Test flights have so far been conducted from Stuttgart airport in southwest Germany, but the HY4 last week transitioned to Freidrichshafen, around 69nm (127km) to the south, to take part in the Aero general aviation show.

Kallo says the aircraft should return to its Stuttgart base on 1 May, allowing the resumption of flight-test activities, including further integration work with the airport.

This phase of testing should run until mid-June, when the aircraft will be dismantled and its current gaseous hydrogen fuel system replaced with one using liquid hydrogen.

Hy4 flying-c-H2Fly

Source: H2Fly

HY4 has now been taken to over 7,000ft

Ground trials of the upgraded aircraft – which will see its range at least doubled to 800nm – will then proceed from late-September onwards, he says; H2Fly hopes the trials will give it a better understanding of the requirements for ground handling and infrastructure.
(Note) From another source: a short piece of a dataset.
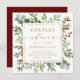Este convite para chás apresenta cor d'água pintada de eucalipto, folhas verdes, bagas vermelhas, ramificações de pínus, e uma falso estrutura quadrada de ouro com caligrafia na moda. Para personalização mais avançada deste design, clique no link "Personalizar mais". Itens correspondentes também estão disponíveis.

Further flight testing, beginning towards the end of the year, will allow H2Fly to evaluate the performance of key components for a future 1MW-class powertrain on the smaller – and cheaper – 130kW system.

“The investment is too high if we do something wrong and we have to rearrange or rebuild the big system; that’s very expensive,” says Kallo.

The 1MW fuel cell powertrain will eventually equip a version of the Deutsche Aircraft D328eco, which is intended to enter service towards the end of the decade.

H2Fly has begun the process of preparation for part 21 design organisation approval, the first step towards achieving certification for the 1MW powertrain in around 2028.